=== Directions ===
Everything from the line that holds "Wichtig war beim" through the end of the records below is to be transcribed exactly, except the pictures.

=== Entries provided ===
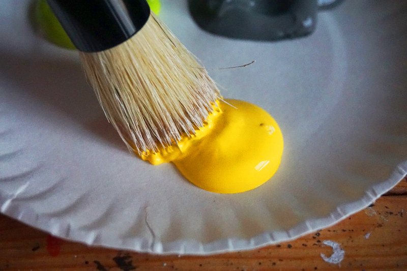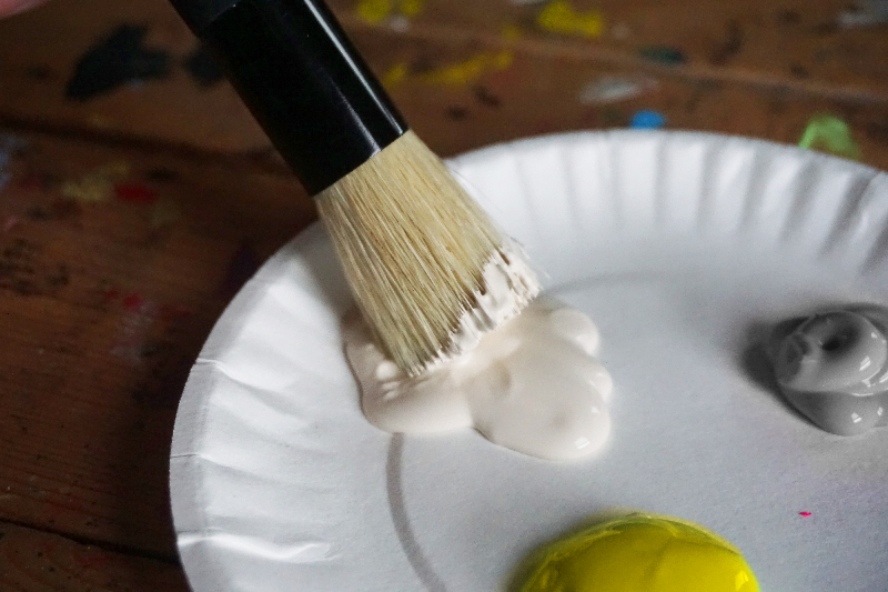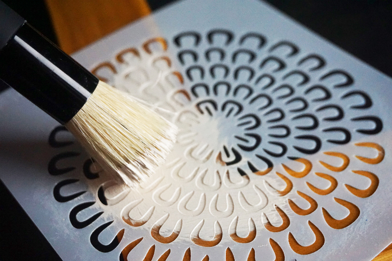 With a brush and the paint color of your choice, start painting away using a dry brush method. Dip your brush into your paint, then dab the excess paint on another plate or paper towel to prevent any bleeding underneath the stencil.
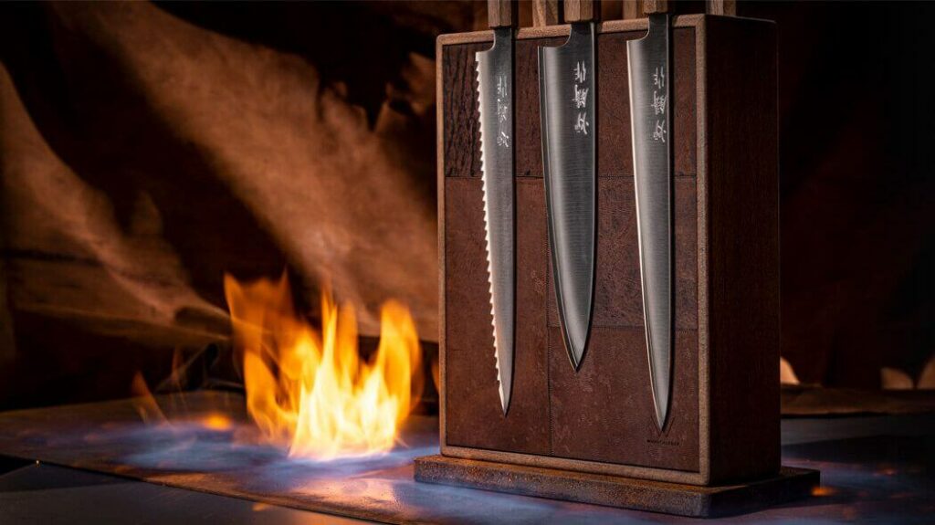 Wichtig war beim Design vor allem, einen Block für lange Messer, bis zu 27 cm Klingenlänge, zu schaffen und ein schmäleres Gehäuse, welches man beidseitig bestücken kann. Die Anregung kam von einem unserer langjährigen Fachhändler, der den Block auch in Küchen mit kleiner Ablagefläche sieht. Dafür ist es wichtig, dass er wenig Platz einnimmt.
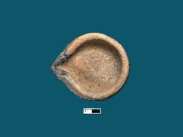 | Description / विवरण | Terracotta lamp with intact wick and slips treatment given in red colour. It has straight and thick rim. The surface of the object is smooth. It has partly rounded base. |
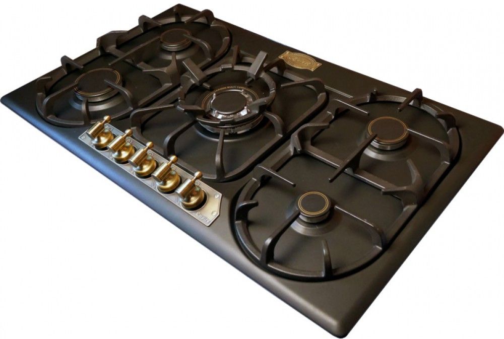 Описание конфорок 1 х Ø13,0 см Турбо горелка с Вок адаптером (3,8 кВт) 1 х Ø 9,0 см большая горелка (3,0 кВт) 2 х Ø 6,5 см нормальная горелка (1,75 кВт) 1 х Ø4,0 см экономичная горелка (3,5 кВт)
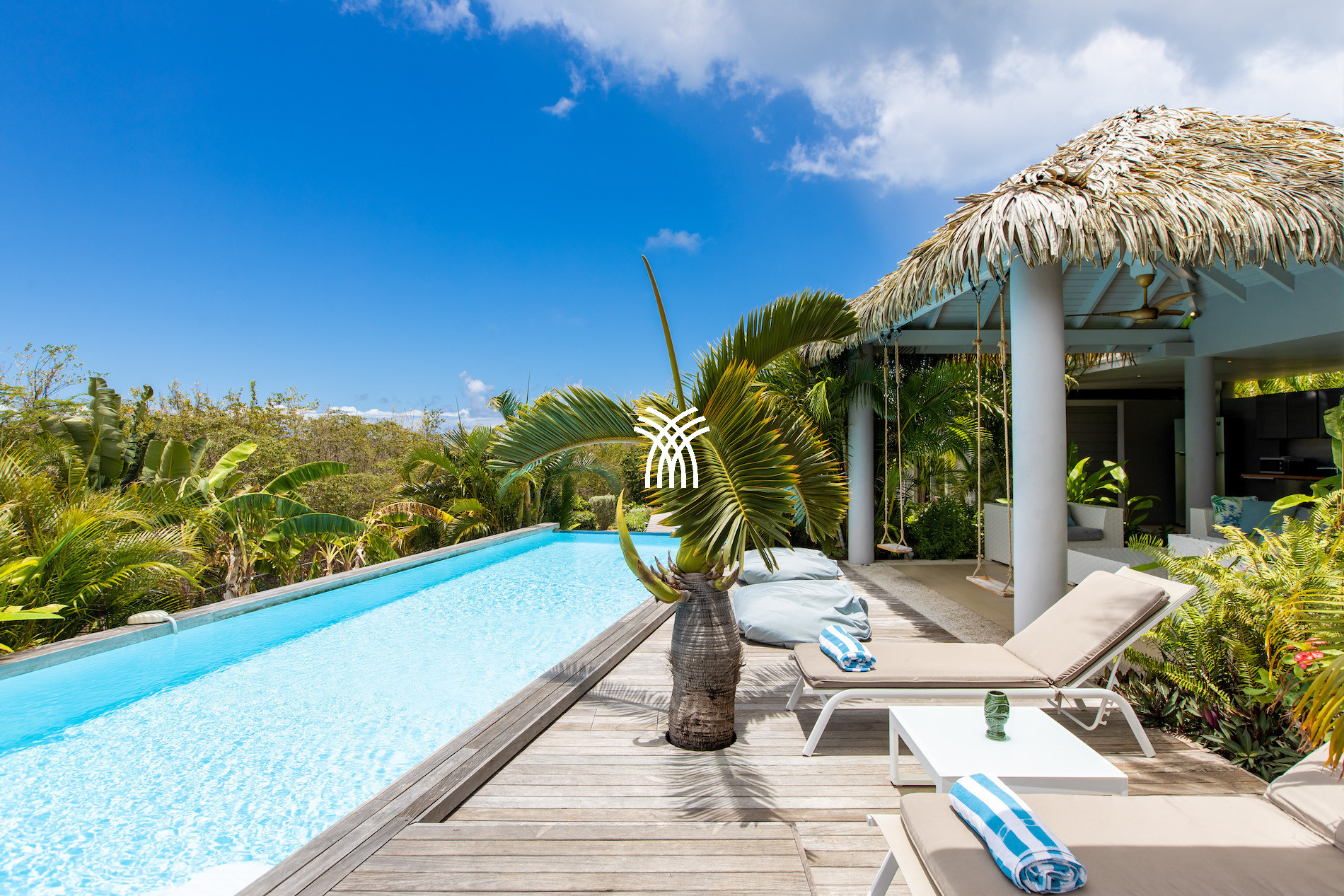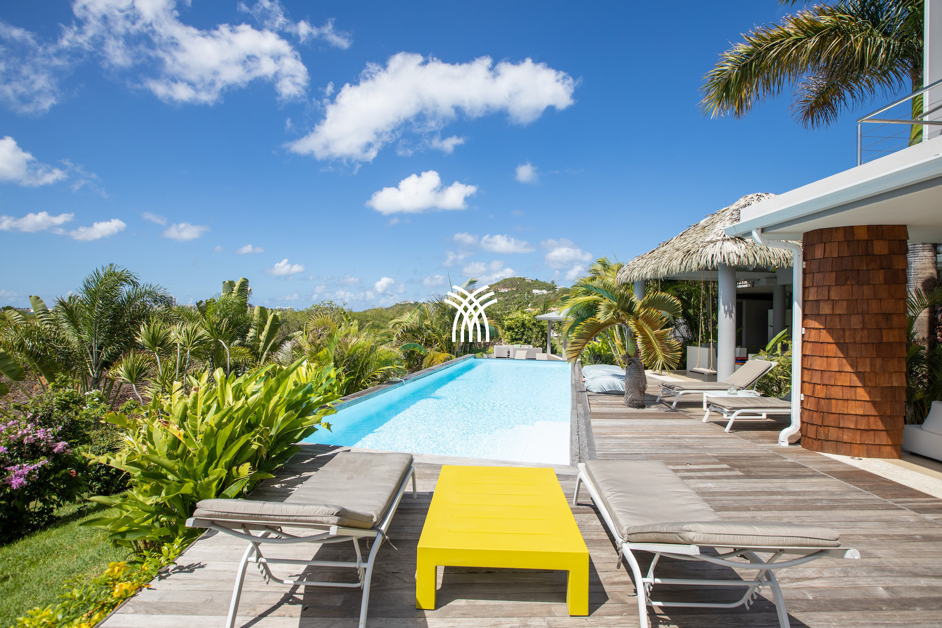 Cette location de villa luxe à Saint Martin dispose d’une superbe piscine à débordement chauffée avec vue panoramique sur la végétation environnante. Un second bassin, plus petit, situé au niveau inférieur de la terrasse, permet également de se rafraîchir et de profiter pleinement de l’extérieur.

=== Solution for this exercise ===
 Wichtig war beim Design vor allem, einen Block für lange Messer, bis zu 27 cm Klingenlänge, zu schaffen und ein schmäleres Gehäuse, welches man beidseitig bestücken kann. Die Anregung kam von einem unserer langjährigen Fachhändler, der den Block auch in Küchen mit kleiner Ablagefläche sieht. Dafür ist es wichtig, dass er wenig Platz einnimmt.
 | Description / विवरण | Terracotta lamp with intact wick and slips treatment given in red colour. It has straight and thick rim. The surface of the object is smooth. It has partly rounded base. |
 Описание конфорок 1 х Ø13,0 см Турбо горелка с Вок адаптером (3,8 кВт) 1 х Ø 9,0 см большая горелка (3,0 кВт) 2 х Ø 6,5 см нормальная горелка (1,75 кВт) 1 х Ø4,0 см экономичная горелка (3,5 кВт)
 Cette location de villa luxe à Saint Martin dispose d’une superbe piscine à débordement chauffée avec vue panoramique sur la végétation environnante. Un second bassin, plus petit, situé au niveau inférieur de la terrasse, permet également de se rafraîchir et de profiter pleinement de l’extérieur.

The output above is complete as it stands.